Sri Lanka imposes 50% vehicle duty surcharge on imported cars
straitstimes.com, 18 May '26
Amid ongoing pressure on foreign exchange reserves and continued currency depreciation linked to developments in West Asia, Sri Lanka has introduced new measures targeting vehicle imports, including a 50% surcharge on customs duties imposed on 16th May to discourage imports and ease currency pressure.
The decision comes amid a sharp depreciation of the local rupee since the beginning of US and Israeli attacks on Iran, which prompted retaliation from Tehran. Official figures indicate that the rupee has declined by 4.5% against the US dollar so far in 2026.

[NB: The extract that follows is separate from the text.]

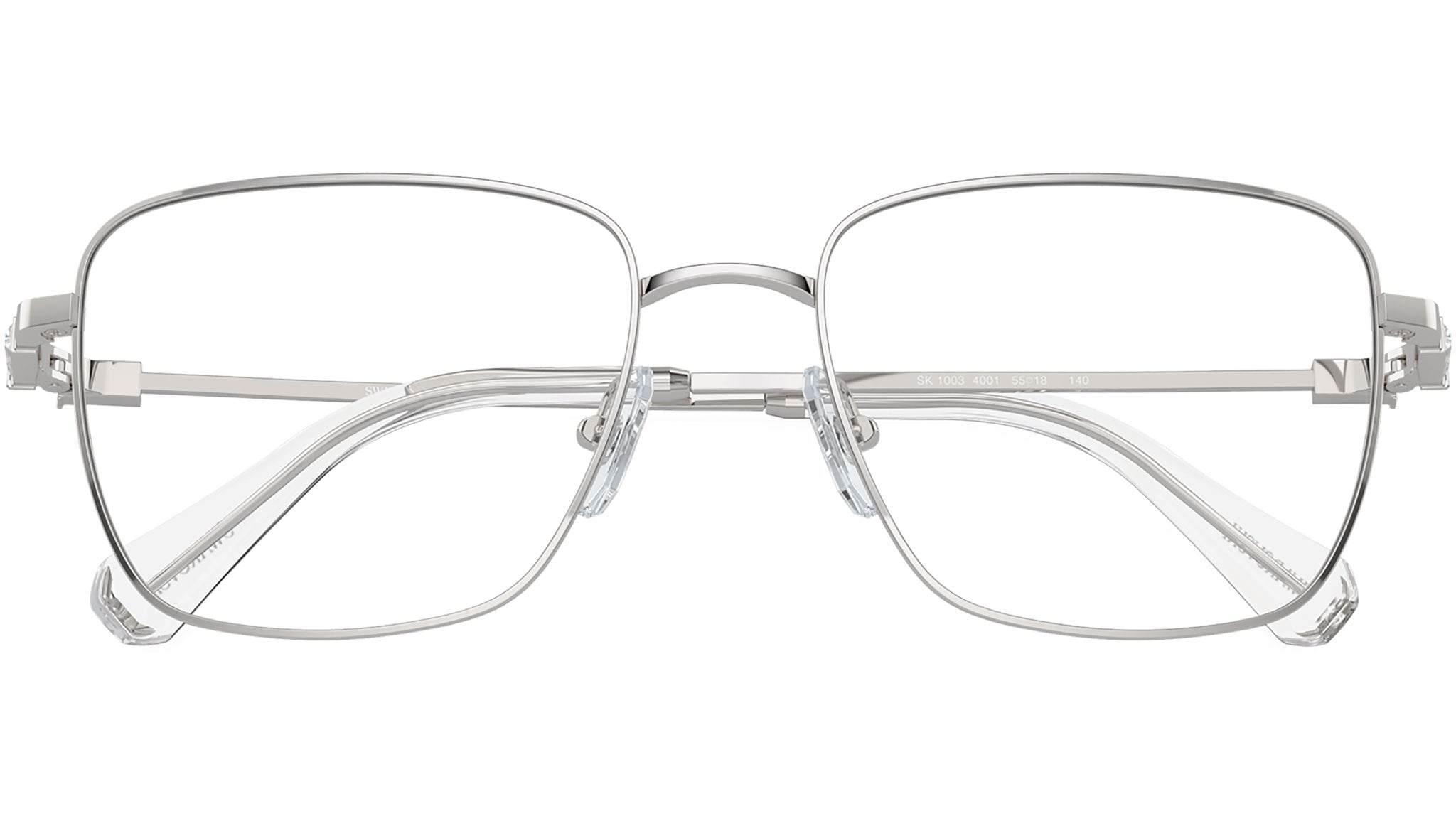 Montatura per occhiali da vista Swarovski donna modello 1003 full rim in metallo argento con lenti demo base 4. Naselli regolabili. Linea: Science of Facets. Codice brand: 0SK1003. Codice colore: 4001. Rivenditore autorizzato online Swarovski Eyewear. Ogni prodotto Swarovski viene consegnato con astuccio originale e accessori ed è coperto da garanzia del produttore di 12 mesi.

Junior Finance Minister Anil Jayantha Fernando stated that the government intends to temporarily slow vehicle imports. "Given the current pressure on foreign exchange, the objective is to delay vehicle imports by three months," he told reporters in Colombo.
Vehicles were previously subject to a 30% customs duty; however, multiple additional taxes result in an effective import tax exceeding 100%.
The country has also increased energy prices by more than one-third since the start of the West Asia conflict and has introduced rationing of diesel and petrol to reduce the import bill.
Central Bank Governor Nandalal Weerasinghe informed a parliamentary panel that the rupee is expected to continue weakening unless global oil prices decline or Sri Lanka reduces energy imports.
Sri Lanka is still recovering from its economic crisis in 2022, when it faced a severe shortage of foreign exchange, which affected its ability to finance essential imports such as food, fuel and medicine. Since then, the country has been operating under a US$ 2.9 billion International Monetary Fund bailout programme.